Some people tend to explain this in terms of the density of bright and extraordinary events happening, and it seems to be little doubt, that the density of such events has quite a bit of influence on both the current and retrospective perception of the speed of physical time.

However, let us consider the situation when the outside life flows uniformly. It is natural to assume, that "value" of a unit of physical time, t, for an individual, is inversely proportional to his/her perception of internal age, T. We are going to derive from this, that T = C*SQRT(t), where the choice of C is just a matter of the choice of units for physical and internal time, so assuming that at an age of 1 physical year, the person has an internal age of 1 internal year, we obtain T = SQRT(t), where t is measured in years, and T is measured in our artificial units of internal years.

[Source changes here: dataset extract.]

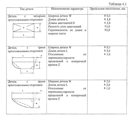 │ортогональными сторонами│Длина детали L │ +/- 2,0 │

We would like to express the hope that this model reasonably describes the relationships between physical and internal time in more realistic cases of non-uniform life flow as well, although a more accurate analysis of probability distributions is needed to confirm this.

Our assumption, that "value" of a unit of physical time, that is, its contribution to our internal time, is inversely proportional to one's internal age, can be expressed via a differential equation dT/dt = D/T, where D is some constant. Integrating this equation, we obtain that T = SQRT(2*D*t) + E, where E is another constant. Choosing the physical time coordinate so that t = 0 in the moment of birth, assuming that at the moment of birth internal age, T, is also zero, and denoting C = SQRT(2*D), we obtain T = C*SQRT(t), and T = SQRT(t), when T is measured in our internal years.

Hence, our expected lifespan can be thought of, as 8-10 internal years (64-100 years), of which initial physical years are especially valuable, and thus should not be sacrificed for "successes in future life". Indeed, assuming even the lifespan of 100 physical years (and the shorter this lifespan, the more is the value of initial physical years), we obtain, that the first year corresponds to 10% of life, the years 2-4 for another 10%, they years 5-9 for another 10%, yielding 30% of life by the age of 10. Years 10-16 yield the next 10%, and years 17-25 another 10%, making a half-life at the age of 25 for a person who expects to live a hundred years.

Say again, it is quite stupid to sacrifice the quality of really meaningful initial years of our lifes, in order to supposably insure better quality of "future" or "adult" life. An hour of a 9-year old is worth 2 hours or 36-years old, an our of a 16-year old is worth 2 hours of 64-years old, etc.


REMARK: It is important not to make an error of deriving the equation dT/dt = D/t, and obtaining an incorrect logarithmic answer. In some sense, the results we obtained are less pessimistic than one might have expected, after one had agreed that time passes faster as we age.


I've made this derivation sometime in late 70-s or early 80-s (that is at the internal age of 4), and wrote it down in December 1997 (I'll be 6 internally in the year 2000).


(November 2015 update: It turns out this model had been discovered at least as early as 1975: Subjective Acceleration of Time with Aging, Perceptual and Motor Skills, 1975, 41, 235-238. The topic is further discussed in "Time Warped: Unlocking the Mysteries of Time Perception", by Claudia Hammond, 2012-2013.)